Repitiendo una vieja argucia ya utilizada en el caso de los rabinos, Vicente Westendorph pedía disculpas por un análisis erróneo y le invitaba a participar como conferenciante en un programa de envejecimiento activo desarrollado por la ONU, institución que esperaba su participación como ponente en diferentes localizaciones, empezando por la que iba a ser la nueva sede peruana de la Alianza de las Civilizaciones. Mordió el anzuelo y aceptó. Así que le pedimos que nos enviara su currículum. Obligados a improvisar, entramos por primera y única vez en nuestra vida en la página web de esta institución, y apuntamos la primera dirección de correo electrónico que encontramos. Como empezaba por UN4, le rogamos que enviara la documentación requerida a la atención de la secretaría de Vicente Westendorph, Úrsula Navarro.

Apenas veinticuatro horas más tarde, un funcionario de la ONU, cuya cara de sorpresa nos hubiera gustado ver por un agujerito, recibía toda la información requerida. Semanas después aún nos partíamos de risa con la cabronada.

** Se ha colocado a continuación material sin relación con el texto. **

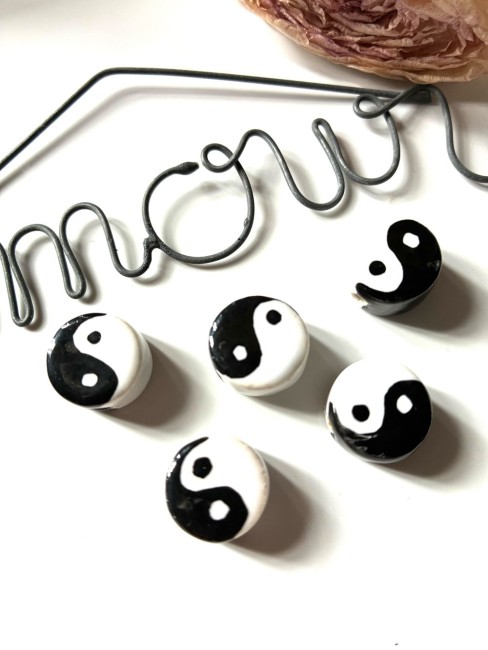 Ces 5 de perles rondes en céramique 14mm de diamètre Le Yin et le Yang épaisseur de la perle 8mm, percées trou = 2mm

También nos picaba otra curiosidad. Queríamos saber qué había enviado el profesor peruano a esta institución internacional. No fue tan difícil de conseguir. Vicente Westendorph dejó un mensaje, de manera extraoficial, en la entrada más reciente del blog y le informaba que la ONU, por cuestiones éticas, no podía hacer pagos en paraísos fiscales, motivo por el que no se le podían abonar los honorarios en el número de cuenta de las Islas Caimán que había facilitado. Montó en cólera, negó nuestra acusación y se reafirmó en su deseo de no cobrar ningún estipendio por participar en este programa. Respondimos nuevamente con unas letras con las que le poníamos al corriente de los graves acontecimientos sufridos por la ONU. La página web había sido atacada por una conspiración de hackers chilenos y hebreos y ya no era segura. Para evitar que la información cayera en manos indebidas le dábamos una nueva dirección de correo electrónico, una cuenta de Hotmail, y le garantizábamos que era segura a prueba de atentados cibernéticos. De este modo, sí —y todavía me parece increíble—, conseguimos el correo enviado al funcionario. Y, por tanto, tuvimos acceso a su currículum.

 

Conocidos sus méritos personales, académicos y laborales por medio de esta estratagema, empezamos a crear nuevos falsos personajes, quienes habían convergido en algunos de los eventos que había cubierto como periodista. El primero fue un tópico. Su presencia en Sevilla, para la Exposición Universal, hizo que nos inventáramos a Juanito el pisha, quien le saludaba profusamente, recordándole su afición a tomar más de una cerveza en las calurosas tardes andaluzas. Respondía con indignación que este hecho era imposible, aparte de ser una calumnia, ya que, si bien había estado en Sevilla en aquellas fechas, su condición de abstemio le impedía el consumo de bebidas espirituosas. Más literarios fuimos con su cobertura de las Olimpiadas de Seúl. Un arquero polaco, de nombre Wilkiewicz, habiendo visitado el blog para saludarle, y comprobando el grado de agresividad manifiesta contra su amigo peruano, ponía a disposición del cronista sus méritos con «las flechas con arco» por si fuera necesario «usted decir, yo disparar», argumento que desconcertó al autor del dietario público, ya que se acompañaba de un comentario extemporáneo sobre la hazañas nocturnas en casa de madame Winona Horgasmil, de quien el peruano optó por el silencio indiferente. Siempre hemos creído que el insigne profesor prefirió no hacer caso, completamente sobrepasado delante de tales despropósitos.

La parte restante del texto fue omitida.